Frequency class
In linguistics, a frequency class is a statistical measure of the frequency of use of a word in a natural language or in a language segment. Zipf's law is used to calculate the frequency class. As a law of language, it is of particular importance in quantitative linguistics . In corpus linguistics , frequency classes have also established themselves as an empirical measure of frequency.
calculation
A representative and sufficiently large amount of available written sources from a language called the corpus is used as the basis for the calculation . The most common word in this corpus is used as a basis for comparison. In the written German language this is the word der , in the English the ("der / die / das"), in the Swedish och ("und").
The Zipf law serves as a basis for calculation. The value of the frequency class is calculated using the logarithm to base 2 of the quotient of the word to be examined and the word that occurs most frequently.

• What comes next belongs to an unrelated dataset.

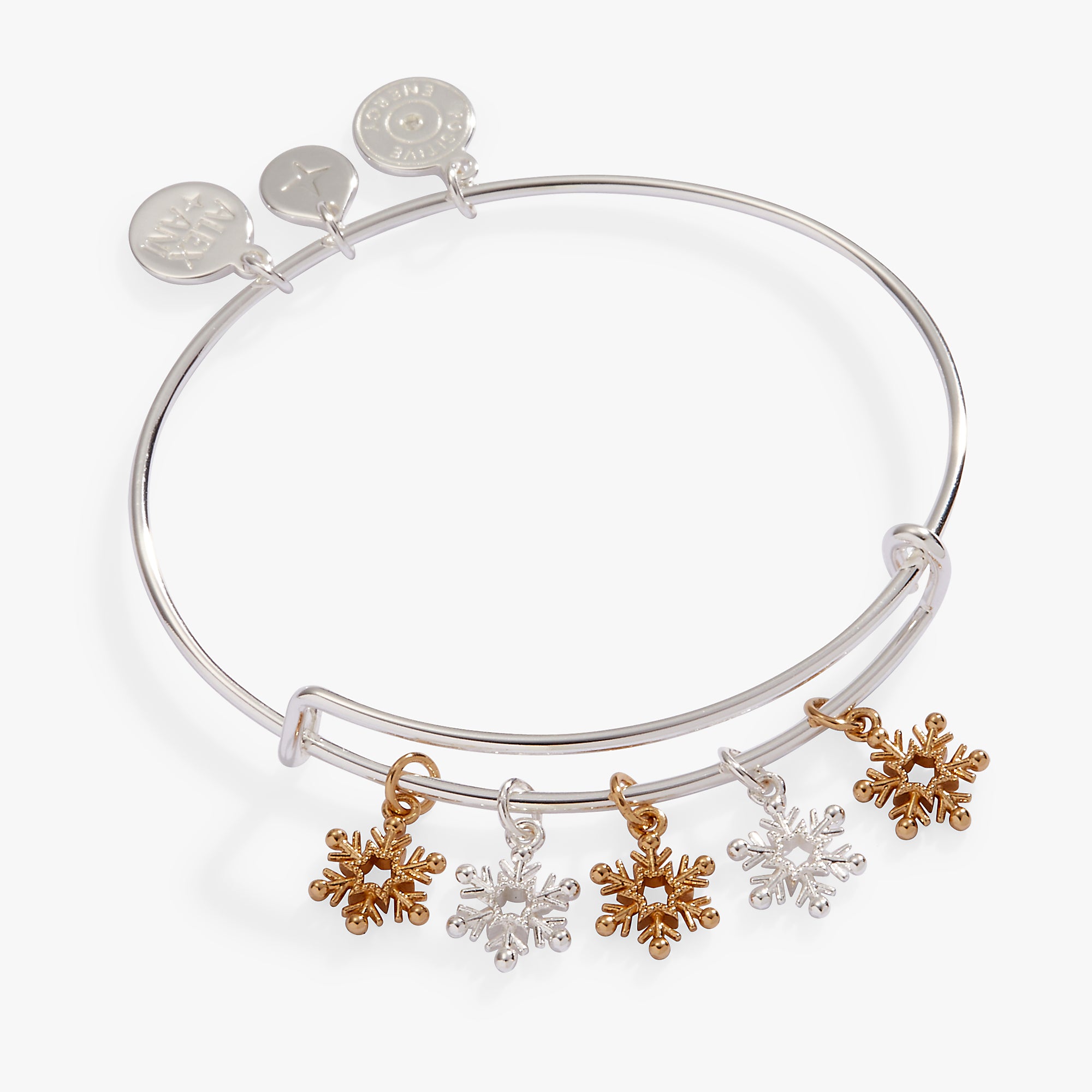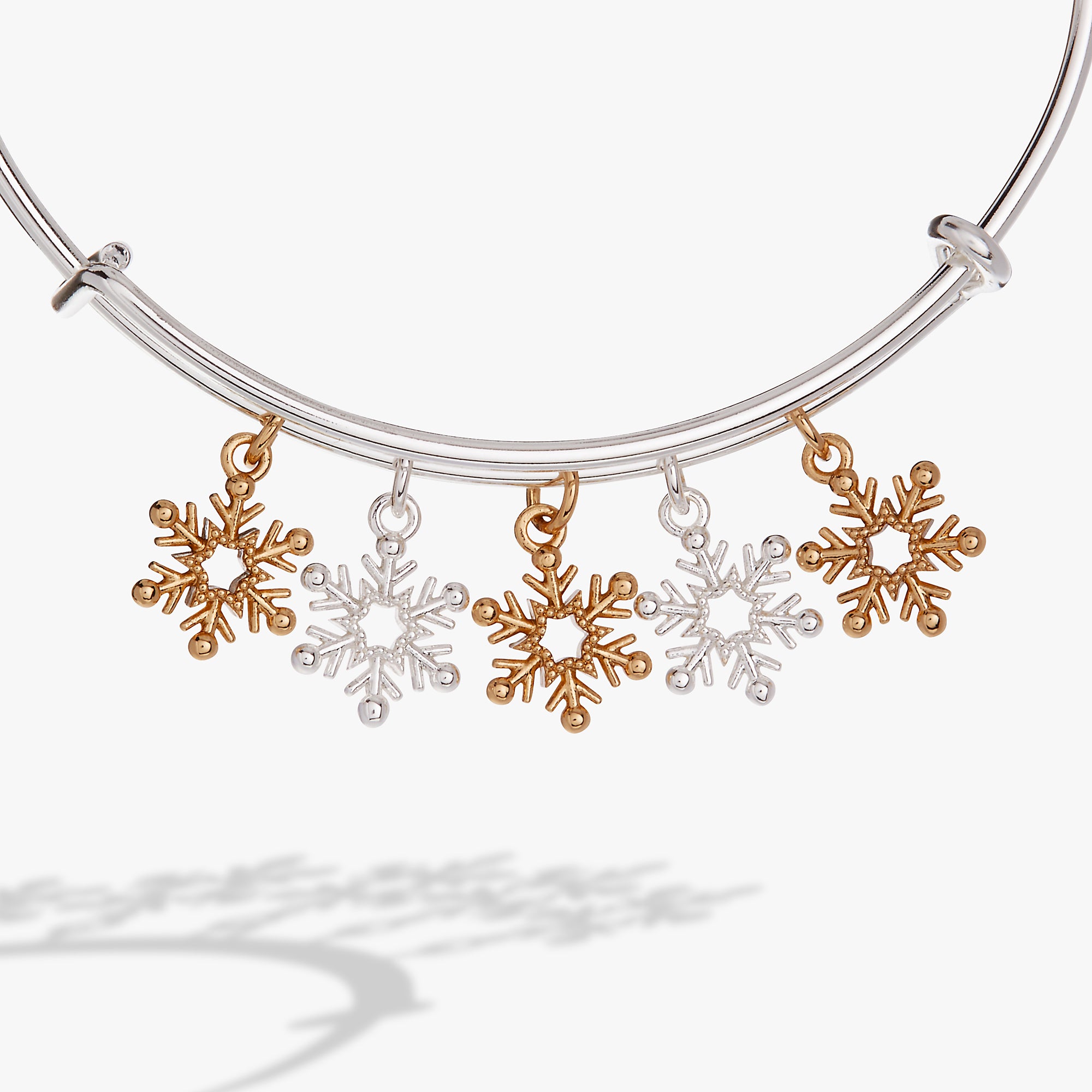 'Tis the season for holiday sparkle. This Snowflake Multicharm Bangle features five cutout dimensional snowflake charms in varying metal finishes, all hanging from an expandable wire bangle bracelet. Stack it with other symbols of the holidays and sparkling accent bracelets for a truly festive look.

The Gaussian bracket rounds the intermediate result down to a whole number. Together with the added value 0.5, the Gaussian bracket leads to the value of the logarithm being rounded up or down to the nearest whole number (0.5 is rounded up to 1).
The frequency class calculated in this way is an integer that expresses how many times more frequently the most frequent word occurs in the analyzed data than the examined word. The most common word itself belongs to frequency class 0, and i. A. It is the only representative of this class. Words that occur about times as often as this are placed in the frequency class. This means that the smaller its frequency class, the more frequently a word occurs.
Size of the frequency classes, rank
According to Zipf's law, one expects that the class contains around words ( types ) and that the sum of their occurrences ( tokens ) is roughly the same in each class, although this approximation is the least accurate for the top and bottom classes. In particular, according to Zipf's law, one expects for each corpus that approximately half of all words (types) appear only once.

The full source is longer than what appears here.